Ich fürchte, Miss Mann, unsere Zeit ist beinahe abgelaufen. Vielleicht sagen Sie uns noch ein Wort über die Aufgaben der Berichterstattung, so wie Sie sie sehen.
Die Aufgaben der Berichterstattung in diesem welthistorisch bedeutenden Prozeß sind natürlich sehr große, die Verantwortung ist eine sehr große, und wir sind uns alle dieser Verantwortung voll bewußt. In gewissem Sinne glaube ich, daß kein Land so interessiert an diesem Prozeß sein kann, wie die Deutschen es sein müssen oder sollten oder doch wahrscheinlich sind.

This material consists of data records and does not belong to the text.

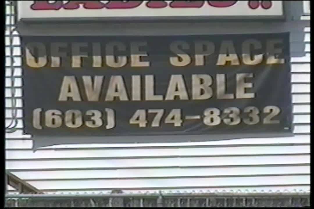 Funny sign: "Office Space Available" sign has "Totally Nude Girls" sign directly above it.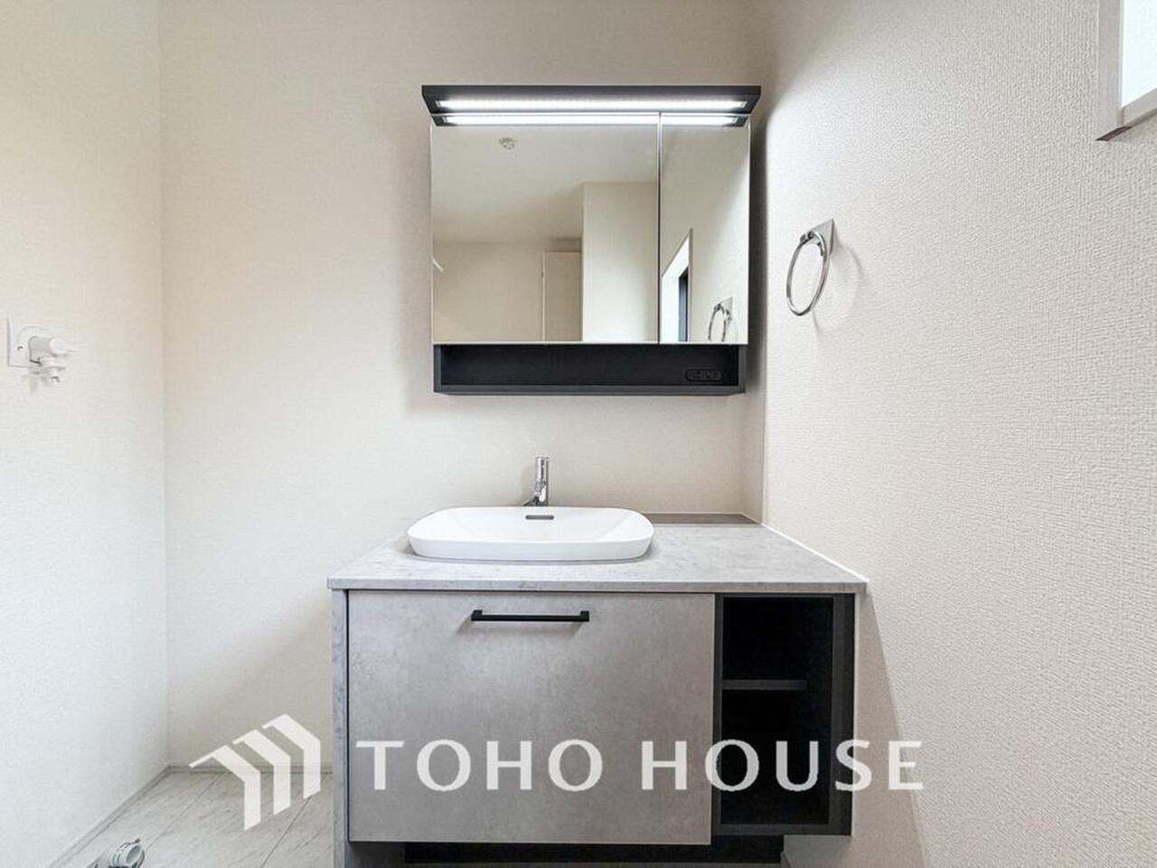 お家の中でも特にプライベートスペースとなる洗面所は、洗濯場所と浴室を同じ空間でまとめております。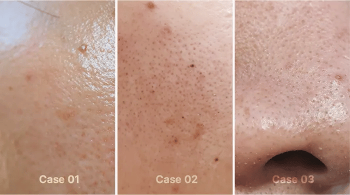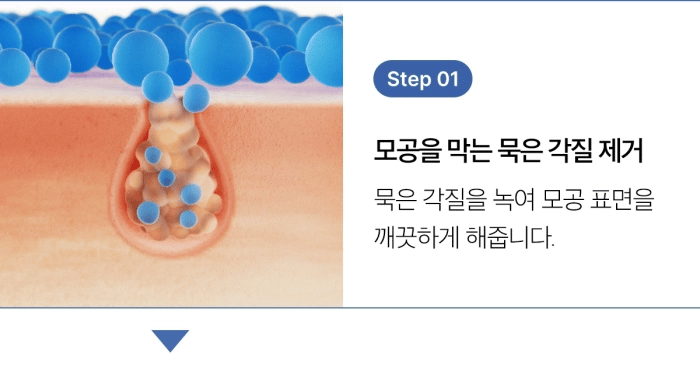 Step 1: Removing clogged dead skin cells that block pores: Dissolves clogged dead skin cells to clean the surface of pores.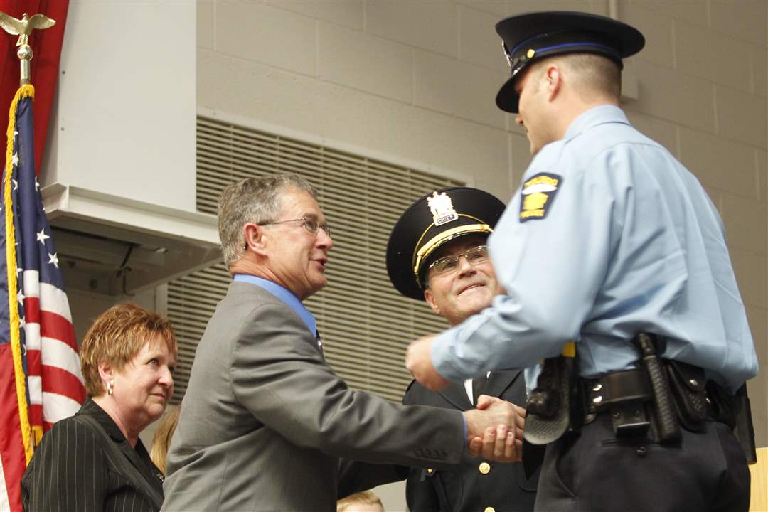 From left, Larraine and Mike Dressel, who are Keith Dressel's parents, with Police Chief Mike Navarre, acknowledge top grad Benjamin Woody at the graduation ceremony. Officer Woody is the first officer to receive the Keith Dressel Memorial Award of Excellence. Detective Dressel was killed in the line of duty in 2007.

Aber auch in unseren Ländern, in Amerika, herrscht ein ungeheures Interesse an diesem Prozeß. Täglich erscheinen viele Spalten auf der ersten Seite unserer Zeitungen und Magazine über den Prozeß, und wenn wir eine Sorge haben, so ist es die der Auswahl. Wir haben so viel zu schreiben, wir hätten so viel zu schreiben, daß wir manchmal besorgt sind, unser Platz möchte nicht ausreichen. Das ist unsere schwerste Sorge, wie wir das Wichtigste jeden Tag herausgreifen für unsere Leser. Aber es ist eine hochinteressante und schöne Aufgabe.
Ich danke Ihnen, Miss Mann.
(1945)
Quelle: Erika Mann: Blitze überm Ozean. Aufsätze, Reden, Reportagen. Rowohlt, 2001.